Alexandre Baumann : Cette réflexion part d’un constat perturbant : de nombreux militants desservent directement la cause qu’ils prétendent défendre et, pire, ressemblent beaucoup à ceux qu’ils prétendent combattre. Par exemple, les livres d’Alice Coffin et d’Eric Zemmour ont en commun des éléments fondamentaux sexistes. Plus généralement, les partis se revendiquant de l’écologie sont sans doute les plus nocifs pour l’environnement (notamment avec leurs positions anti-OGM et antinucléaires). Comment l’expliquer ?
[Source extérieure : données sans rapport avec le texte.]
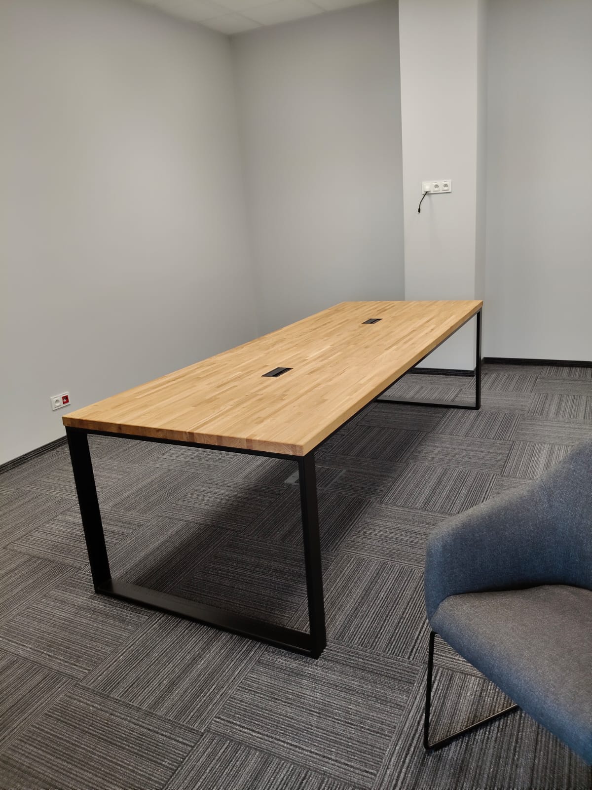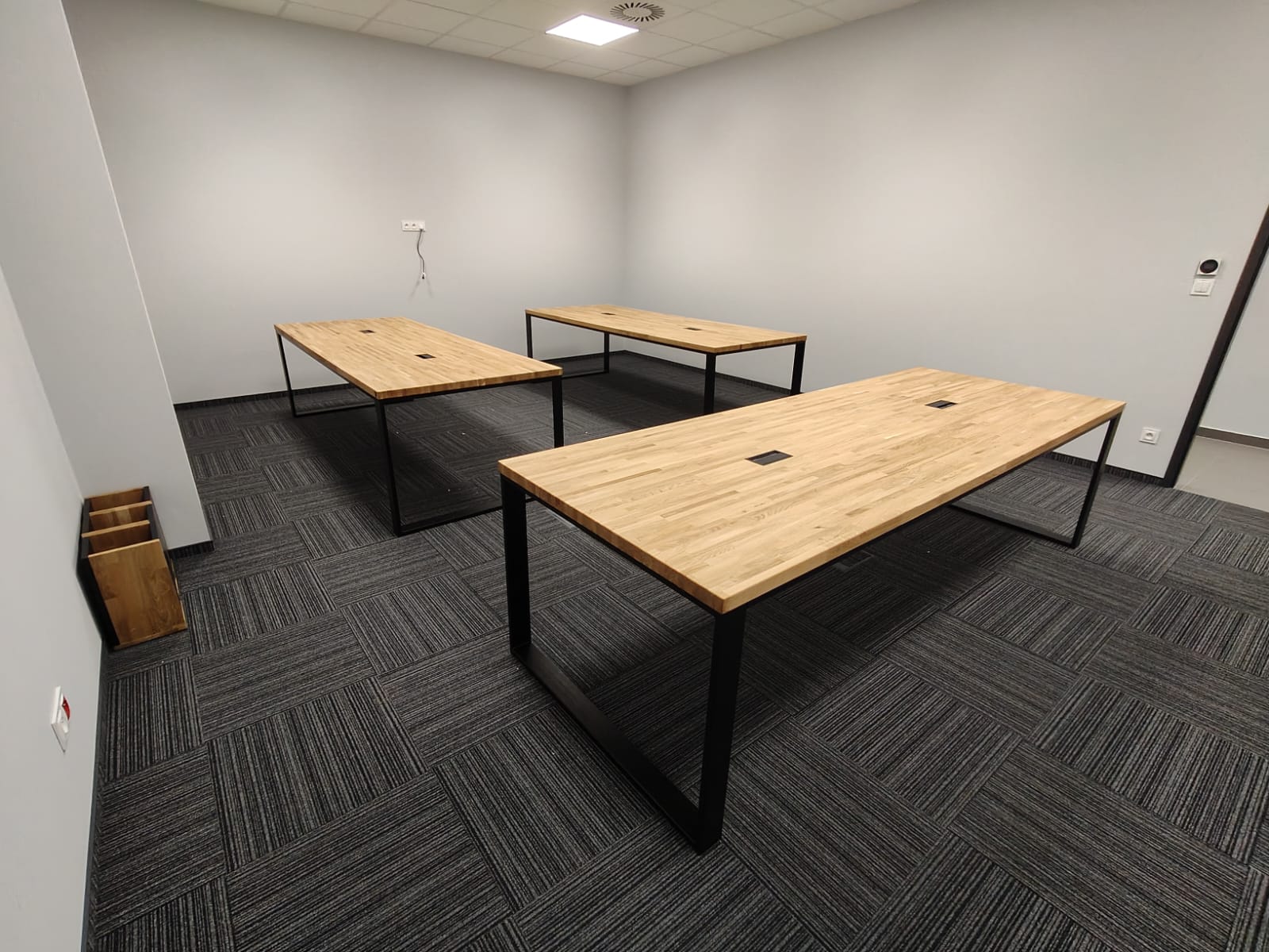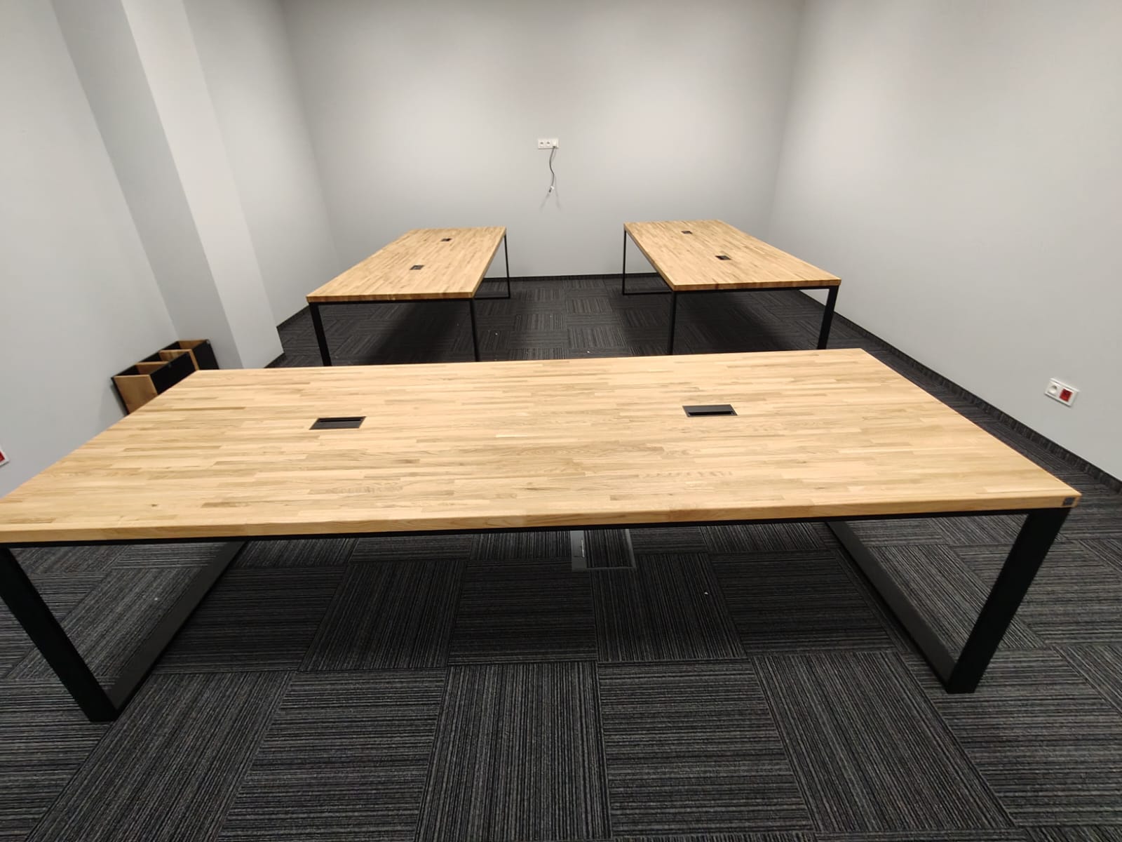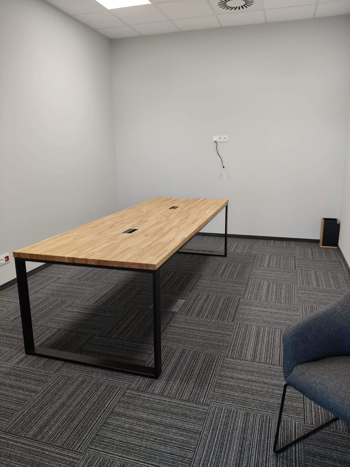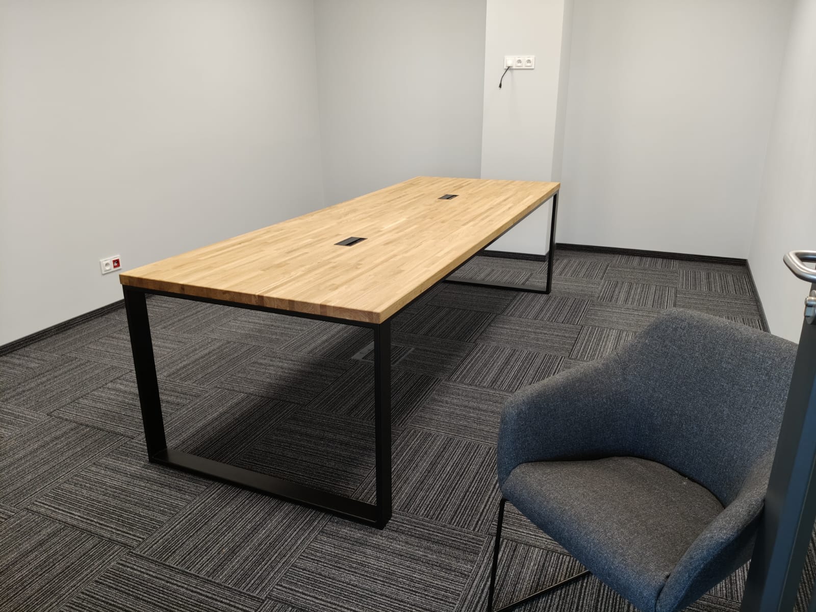 Bei dieser Realisierung haben wir die Einrichtung eines Konferenzraums für ein Produktionsunternehmen in der Nähe von Katowice vorbereitet. Wir haben drei große Tische mit Tischplatten aus massiver Eiche und Metallbeinen eingebaut. Dies ist eine einfache, solide und komfortable Lösung – ideal für tägliche Besprechungen, Präsentationen oder Teamarbeit. Die Tische sind mit Kabeldurchführungen versehen, so dass Sie bei der Verwendung von Laptops oder Multimedia-Geräten leicht Ordnung halten können.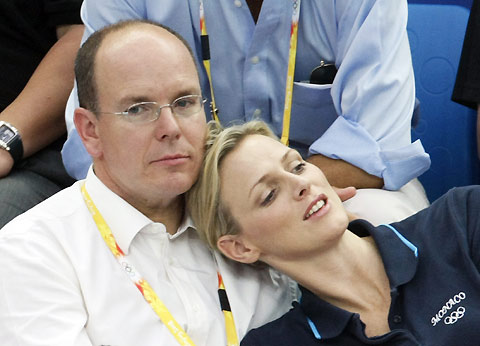 Prince Albert of Monaco and his friend Charlene Wittstock attend the synchronisedswimmingduet free routine final at the Beijing 2008 Olympic Games August 20, 2008. Wittstock is a former South African Olympic swimmer. [Agencies]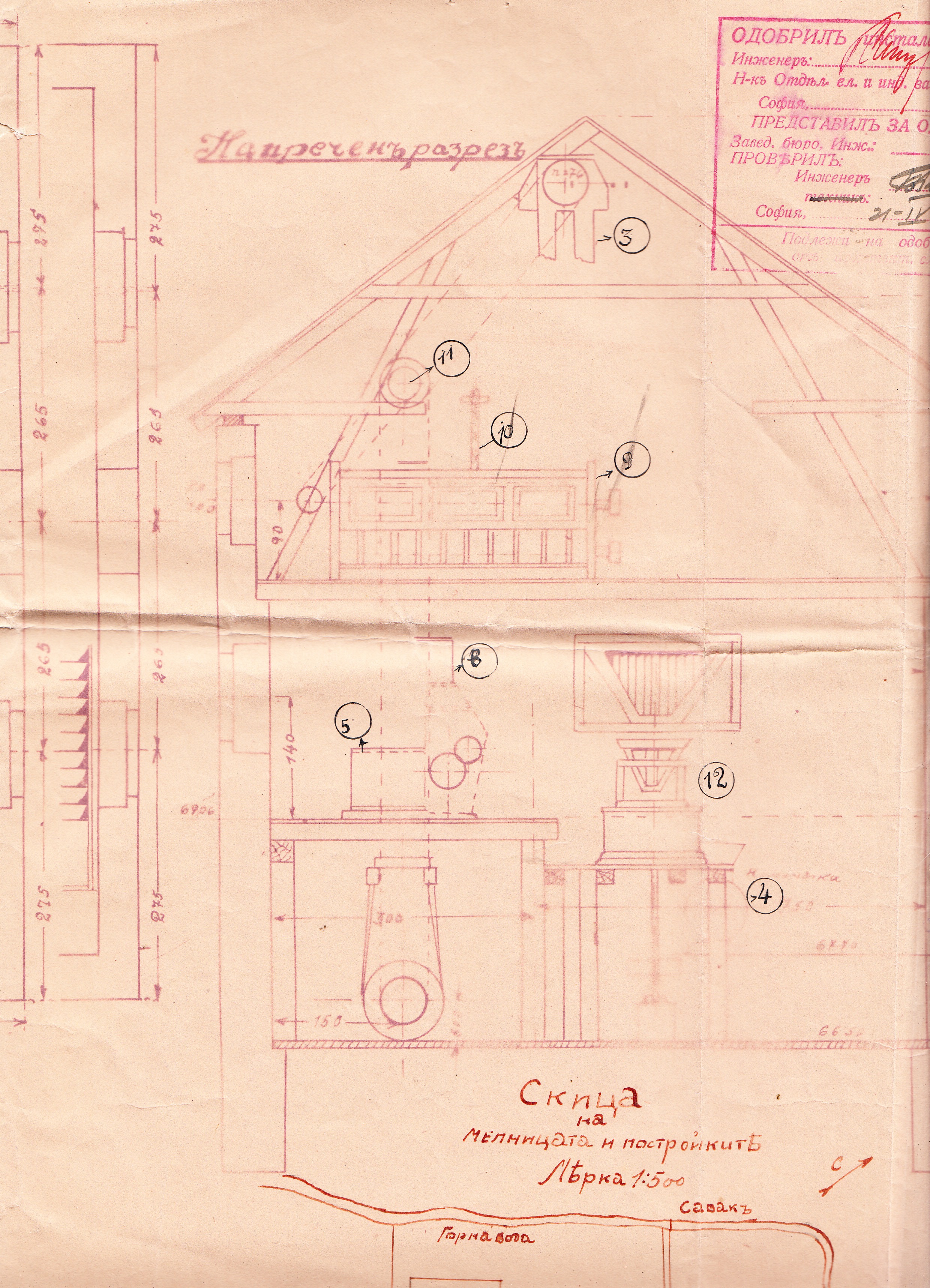 ПРОЕКТ ЗА МЕЛНИЦА НА ГЕРГО ИЛИЕВ, КОЯТО ЩЕ СЕ ПОСТРОИ НА река БЕЛСКА в с.БЕЛА, околия БЕЛОГРАДЧИШКА – МАШ.ТЕХ. МИЛАН А.МАДГЕРОВ зап.N 2611 д.в.бр.116 – 23.08.1930 г.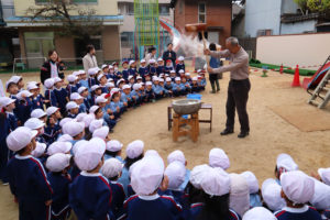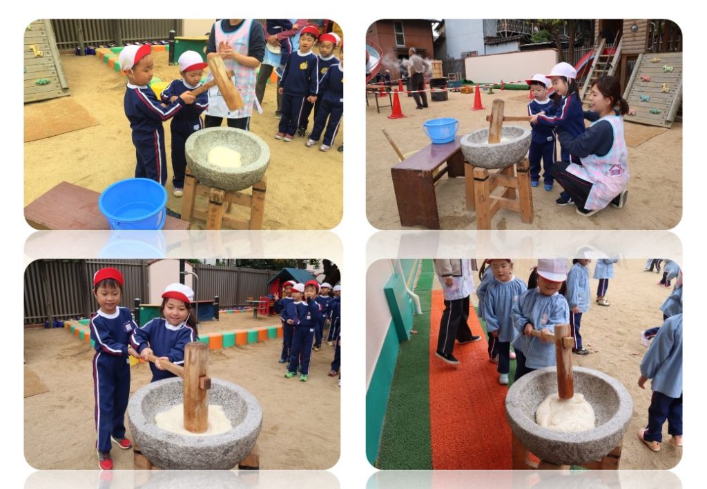 園長先生がみんなにお手本を見せてくれたあと、園児たちみんなできねを持っておもちつき体験を楽しみました。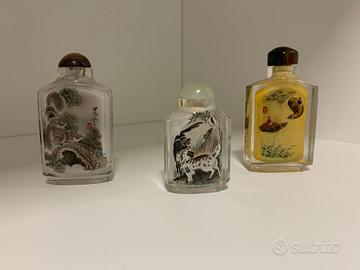 Vendo in blocco 3 bottigliette in cristallo di rocca dipinte a mano dall'interno, condizioni perfette raffiguranti scene con vari animali e piante.

C’est là que j’ai découvert la problématique de l’économie du militantisme. On croit souvent que le militantisme a tendance à être désintéressé. En réalité, il y a toute une économie derrière. D’abord, sur le plan financier, il y a d’autres intérêts que les rémunérations de mandats : l’image et l’audience sont aussi monétisables (ex : les dons pour les ONG). Ensuite, il y a de nombreuses rétributions non-financières, notamment sur le plan psycho-social : le militantisme peut apporter une aura, un prestige social et même une famille. Sur un plan plus individuel, le simple fait de résoudre une dissonance cognitive (ex : je me sens responsable des problèmes dans le monde // je ne peux rien y faire) est une incitation importante. C’est globalement la thématique, développée en sociologie depuis Daniel Gaxie (1977), des rétributions du militantisme.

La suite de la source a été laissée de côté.